For the single-vector reordering, the APIs are "trivial":
public static Vector128<byte> Shuffle(Vector128<byte> vector, Vector128<byte> indices)
public static Vector128<sbyte> Shuffle(Vector128<sbyte> vector, Vector128<sbyte> indices)
public static Vector128<short> Shuffle(Vector128<short> vector, Vector128<short> indices)
public static Vector128<ushort> Shuffle(Vector128<ushort> vector, Vector128<ushort> indices)
public static Vector128<int> Shuffle(Vector128<int> vector, Vector128<int> indices)
public static Vector128<uint> Shuffle(Vector128<uint> vector, Vector128<uint> indices)
public static Vector128<float> Shuffle(Vector128<float> vector, Vector128<int> indices)
public static Vector128<long> Shuffle(Vector128<long> vector, Vector128<long> indices)
public static Vector128<ulong> Shuffle(Vector128<ulong> vector, Vector128<ulong> indices)
public static Vector128<double> Shuffle(Vector128<double> vector, Vector128<long> indices)
For the two-vector reordering, the APIs are generally the same:
public static Vector128<byte> Shuffle(Vector128<byte> lower, Vector128<byte> upper, Vector128<byte> indices)
public static Vector128<sbyte> Shuffle(Vector128<sbyte> lower, Vector128<sbyte> upper, Vector128<sbyte> indices)
public static Vector128<short> Shuffle(Vector128<short> lower, Vector128<short> upper, Vector128<short> indices)
public static Vector128<ushort> Shuffle(Vector128<ushort> lower, Vector128<ushort> upper, Vector128<ushort> indices)

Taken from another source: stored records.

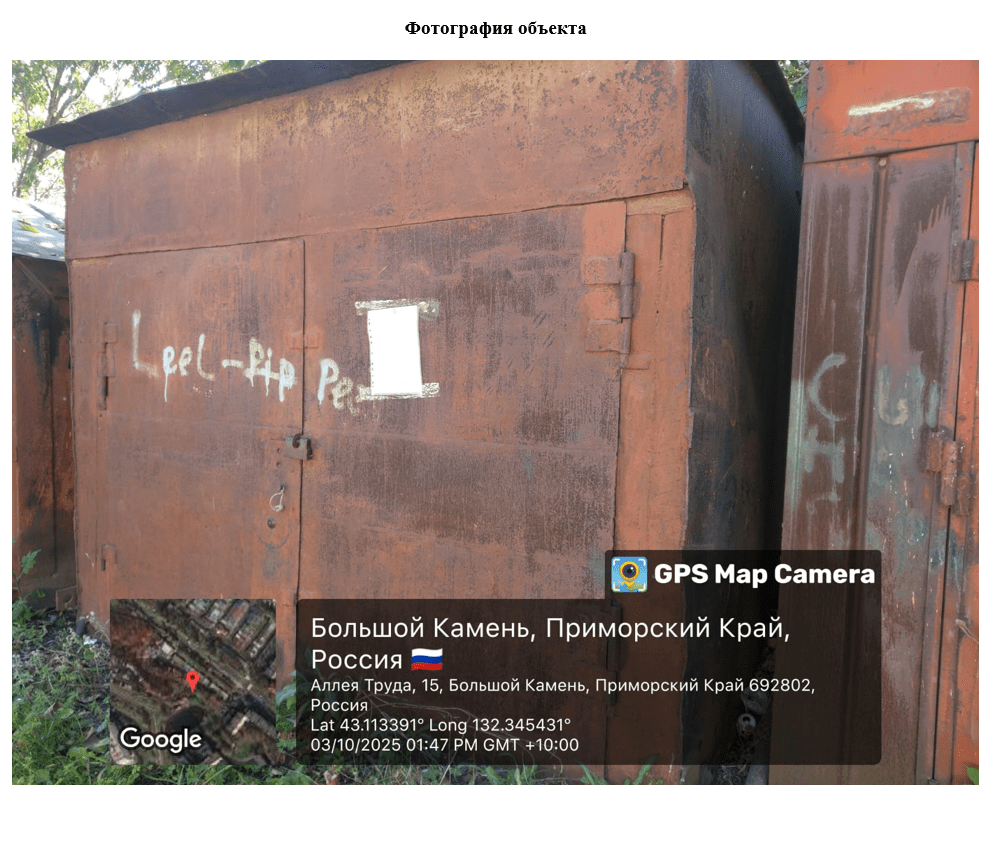 В соответствии с Земельным кодексом Российской Федерации, Федеральным законом от 06.10.2003 № 131-ФЗ «Об общих принципах организации местного самоуправления в Российской Федерации», постановлением администрации городского округа Большой Камень от 13.08.2025 № 2261 «Об утверждении Порядка освобождения самовольно занятых земельных участков, находящихся в муниципальной собственности городского округа Большой Камень, земельных участков, государственная собственность на которые не разграничена, и переноса иных объектов движимого имущества на территории городского округа Большой Камен»., предлагаем добровольно, в срок до «31» октября 2025 года:
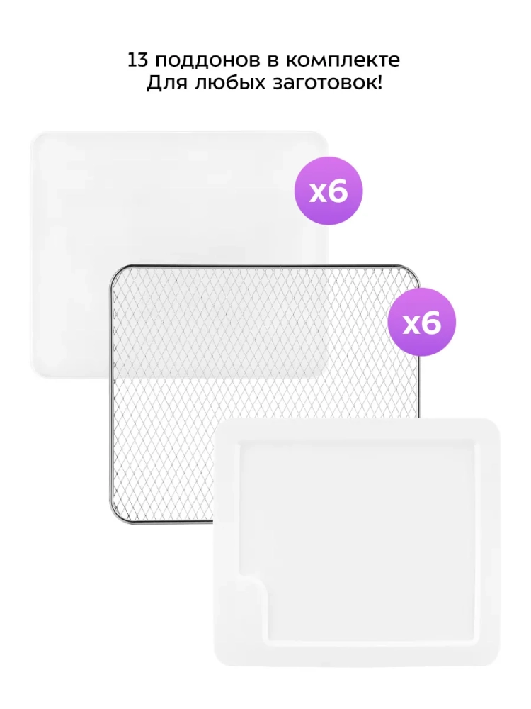 В комплект сушилки входят 6 металлических поддонов, 6 силиконовых ковриков и 1 пластиковый поддон.
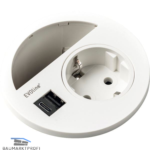 EVOline Circle80 kombiniert eine Steckdose, zwei USB-Charger und einen Kabeldurchlass in einem Element und ist so die perfekte, kompakte Lösung für Schreib-, Besprechungs- oder Konferenztische.
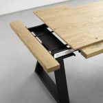 Beine aus Stahl, kombinierbar mit rechteckigen Platten aus Eichenholz St. 20/50 mm auf Trägermaterial aus Leistenholz, mit gerader Kante, ausziehbar. Vinylkleber auf Wasserbasis, Zweikomponenten – Acryllack.

public static Vector128<int> Shuffle(Vector128<int> lower, Vector128<int> upper, Vector128<int> indices)
public static Vector128<uint> Shuffle(Vector128<uint> lower, Vector128<uint> upper, Vector128<uint> indices)
public static Vector128<float> Shuffle(Vector128<float> lower, Vector128<float> upper, Vector128<int> indices)

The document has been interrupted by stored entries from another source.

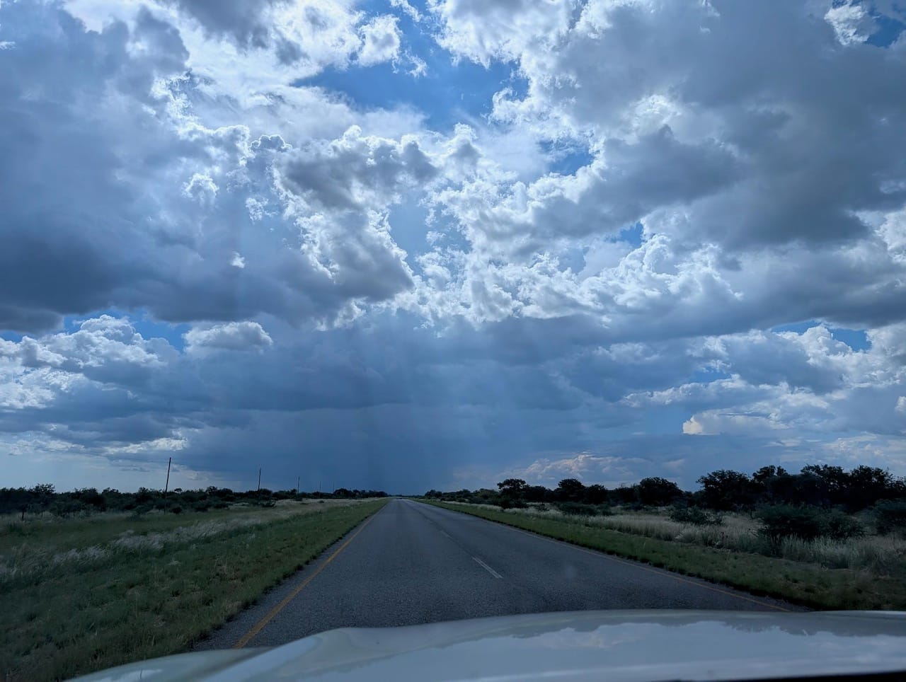 Over the course of five days we drove nearly 2,000 km. And as we drove, it became common for someone to call out "new planet!" That really was how it felt. In the morning, we'd begin on a green planet, with a blue-grey sky and a soft, ethereal lighting and giraffes watching us from the trees.
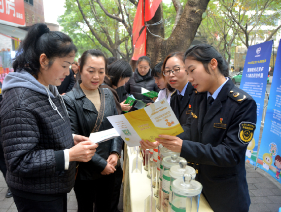 涪陵區(qū)市場監(jiān)管局工作人員向群眾普及安全用藥知識
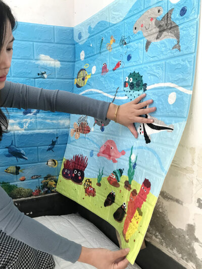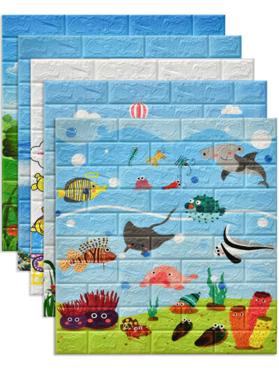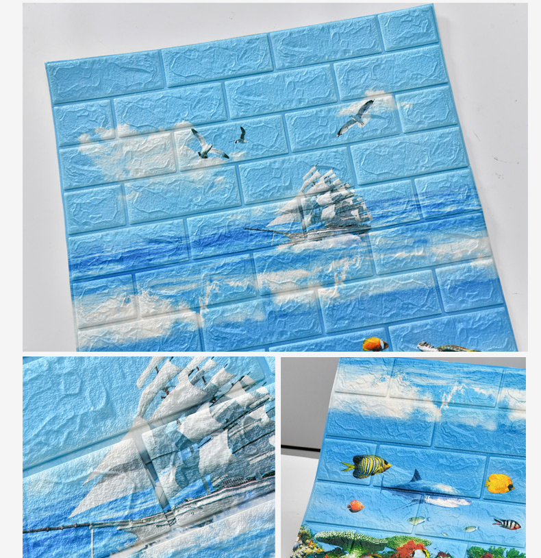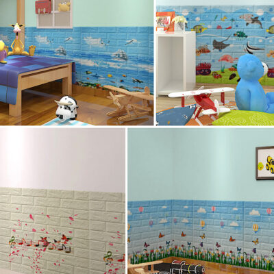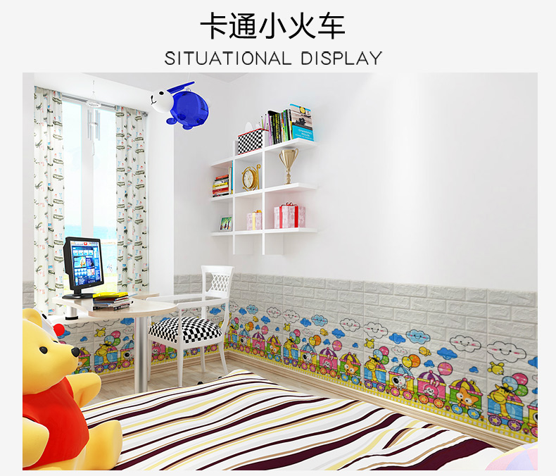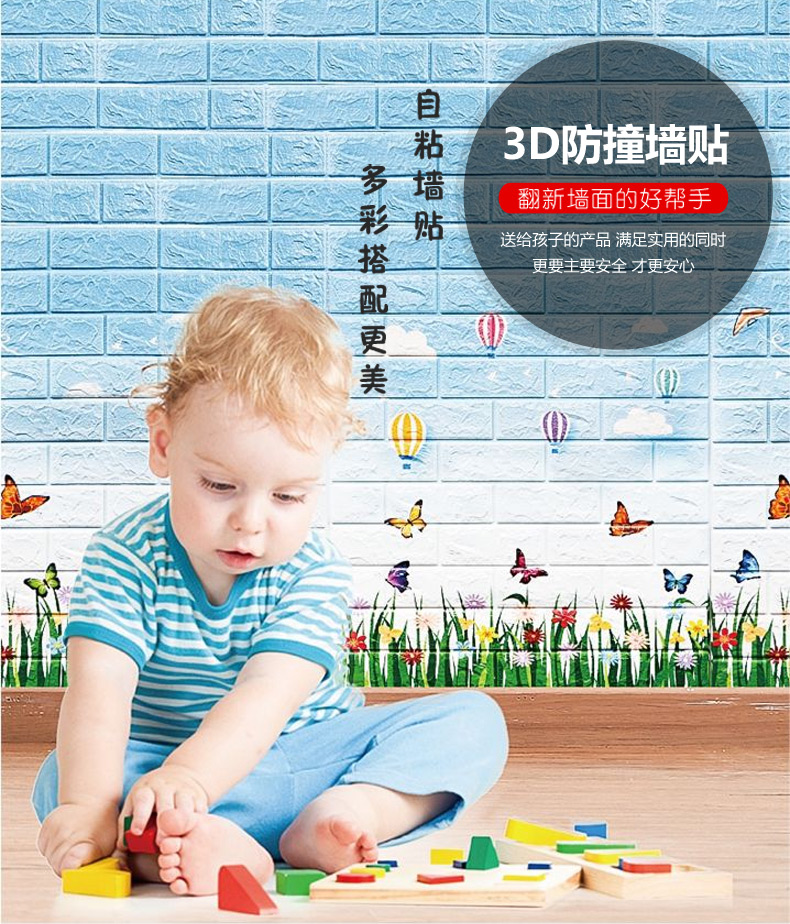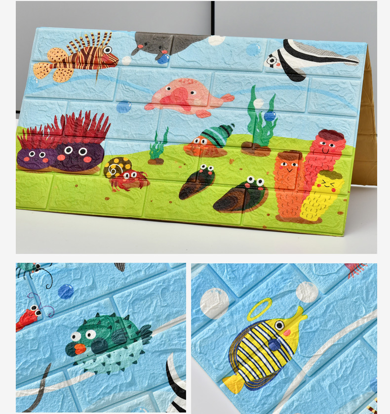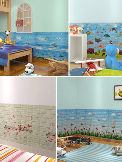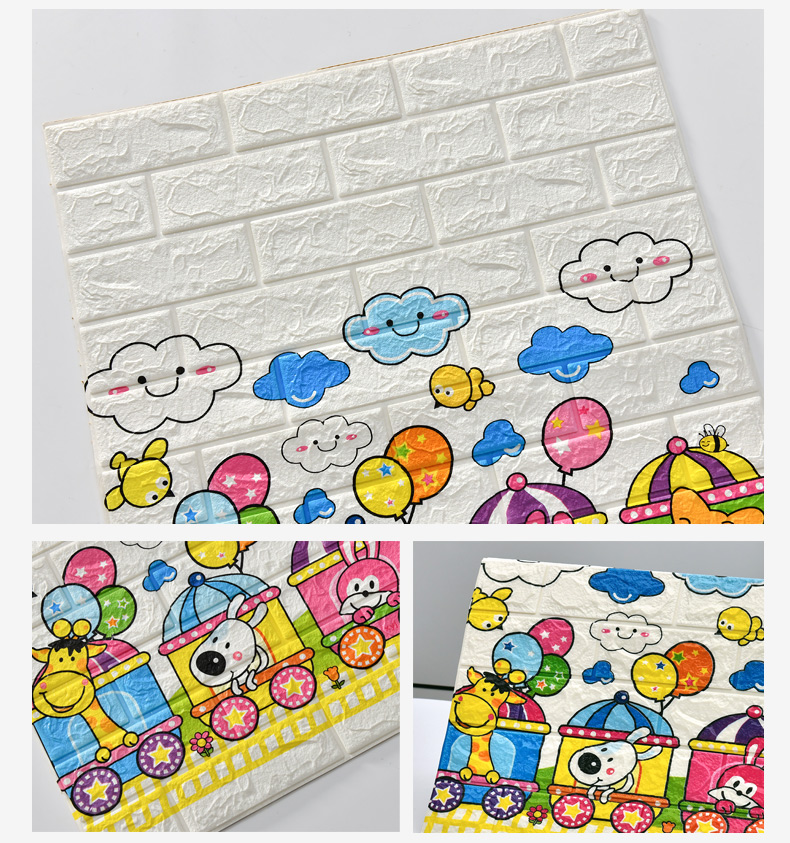 Giấy Dán Tường Phòng Trẻ Em Tự Dán Hoạt Hình Cậu Bé Hoạt Hình Chủ Đề Túi Mềm Xốp Chống Thấm Nước Decal Dán Tường Ba Chiều 3D Nhà Giấy Dán Tường
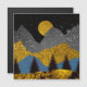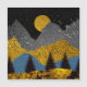 Paysage montagnard Abstrait dans des tons audacieux d'or, noir et bleu avec un lever de lune et des oiseaux.
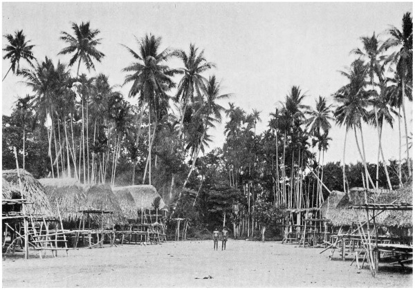 All Samarai was planted with cocoanut palms, the dodging of6 falling nuts from which, in windy weather, served to keep the inhabitants spry. Pyjamas were the almost universal wear, varied in the case of some traders by a strip of turkey-red twill, worn petticoat fashion, and a cotton vest.
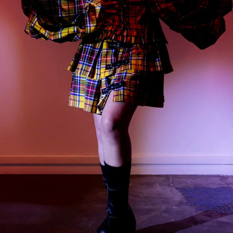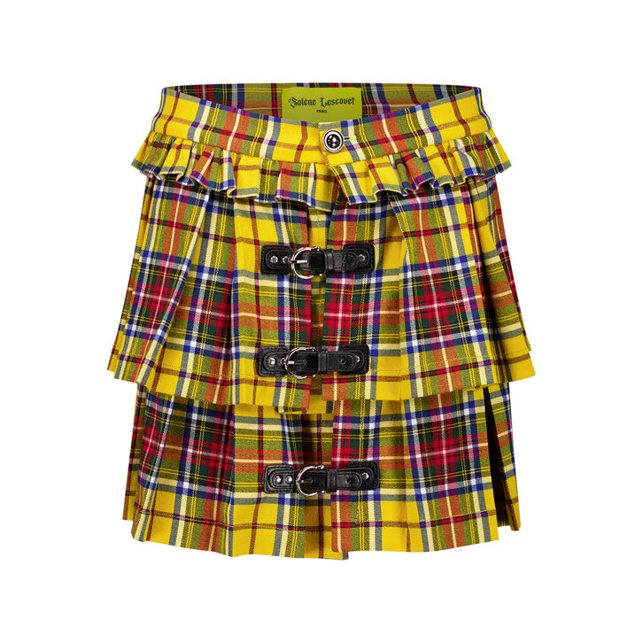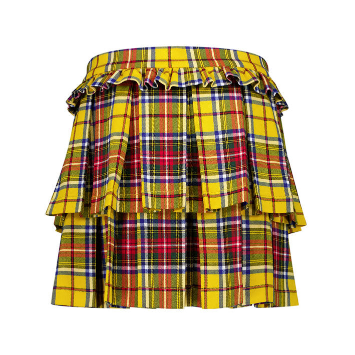 Yellow tartan kilt, ruffled / pleated. Button/buttonhole on top of garment.

public static Vector128<long> Shuffle(Vector128<long> lower, Vector128<long> upper, Vector128<long> indices)
public static Vector128<ulong> Shuffle(Vector128<ulong> lower, Vector128<ulong> upper, Vector128<ulong> indices)

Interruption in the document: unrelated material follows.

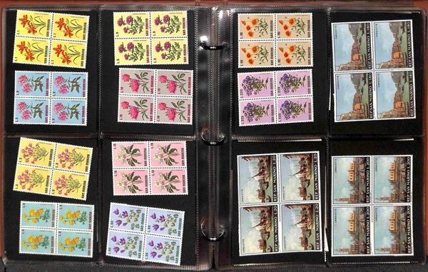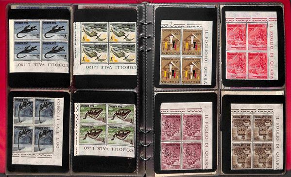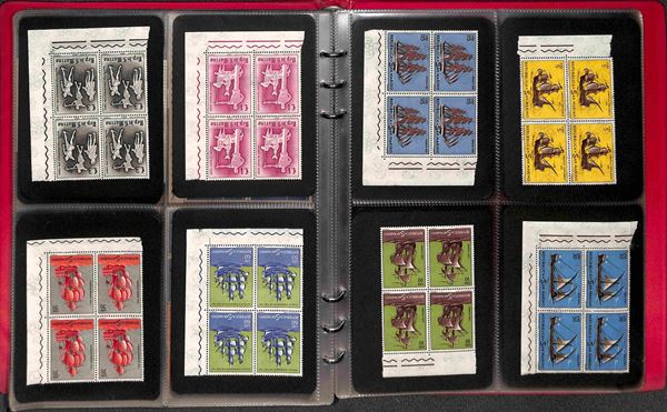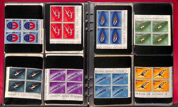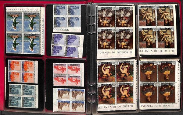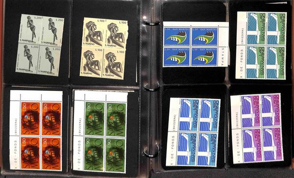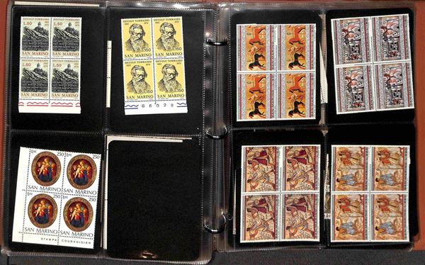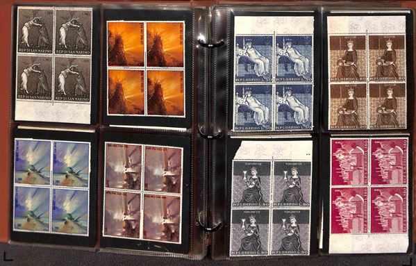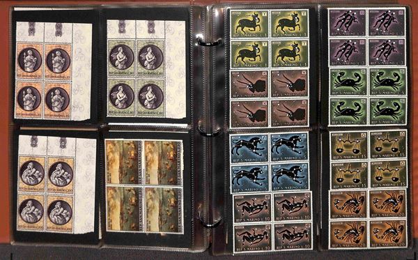SAN MARINO - 1962/1975 - Collezione avanzata di Valori e serie complete del periodo in quartine montati in album con taschine (alcune con valori incollati alla plastica) - gomma integra

public static Vector128<double> Shuffle(Vector128<double> lower, Vector128<double> upper, Vector128<long> indices)
An upside of these APIs is that for common input scenarios involving constant indices, these can be massively simplified.
A downside for these APIs is that non-constant inputs on older hardware or certain Vector256<T>
shuffles involving byte
, sbyte
, short
, or ushort
that cross the 128-bit lane boundary can take a couple instructions rather than being a single instruction.
This is ultimately no worse than a few other scenarios on each platform where one platform may have slightly better instruction generation due to the instructions it provides.